Marnie L Taylor1, Fabio Carmona, Ravi R Thiagarajan, Lauren Westgate, Michael A Ferguson, Pedro J del Nido, Satish K Rajagopal.   

Abstract

OBJECTIVE: The effect of mild acute kidney injury (AKI) on outcomes after heart surgery in children is unclear. We sought to characterize the epidemiology of mild AKI associated with surgery for congenital heart disease (CHS-AKI) in children.
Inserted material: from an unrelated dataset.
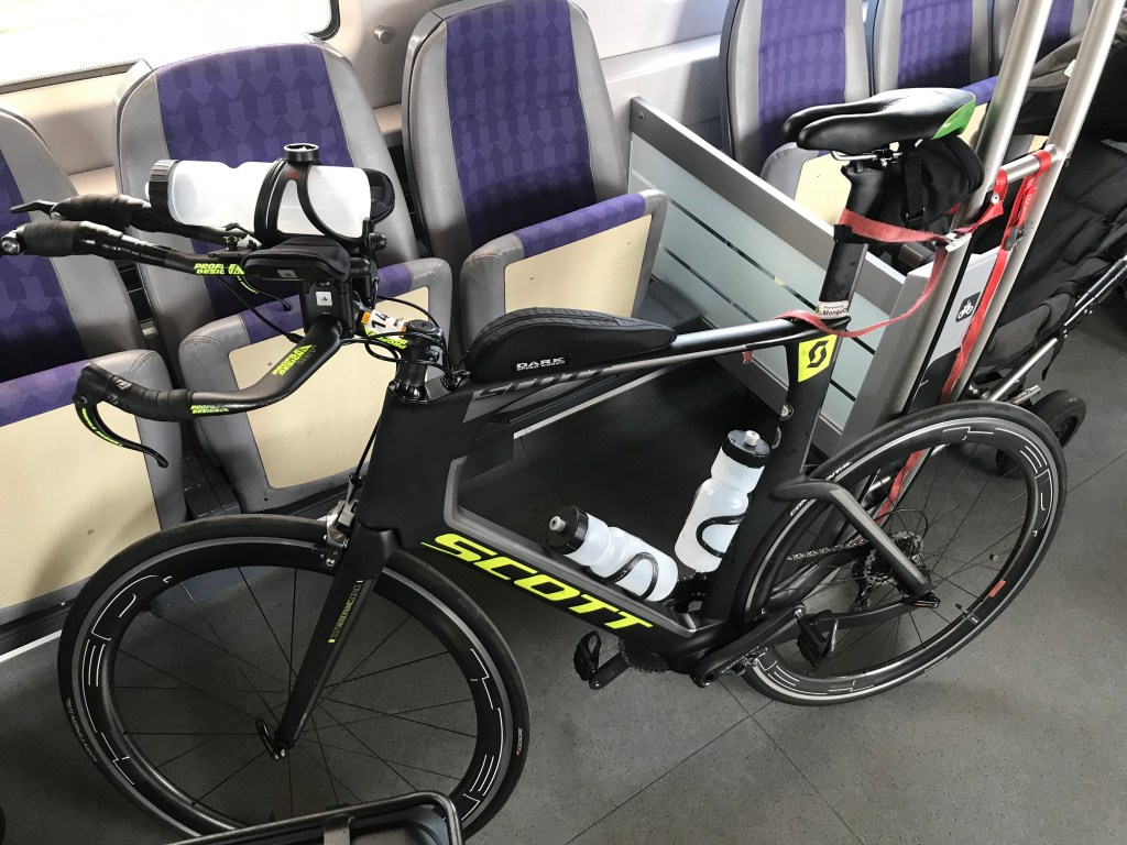 In transition, I put on my compression socks and my ankle brace over the socks and did not attempt to tinker trying to put on KT Tape for my Achilles (I’ve tried KT Tape multiple times only to have it come off from my high sweat rate). I definitely wasn’t aiming to rush out of T1 as with 112 miles of biking ahead I needed to make sure I had all the right pieces in place for a successful bike and Achilles-free pain as much as possible. My arm warmers were already on during the swim so I kept them on as it would be a bit chilly in parts on the bike as I did find out from the countryside winds.

METHODS: We conducted a single-center, retrospective cohort study of 693 patients (aged 6 days-18 years) who underwent heart surgery in 2009. The prevalence of AKI within 72 hours of surgery was determined using the 3-stage Acute Kidney Injury Network criteria. Factors associated with both hospital length of stay and AKI were used in a proportional hazards model to test the association of stage 1 AKI with hospital length of stay.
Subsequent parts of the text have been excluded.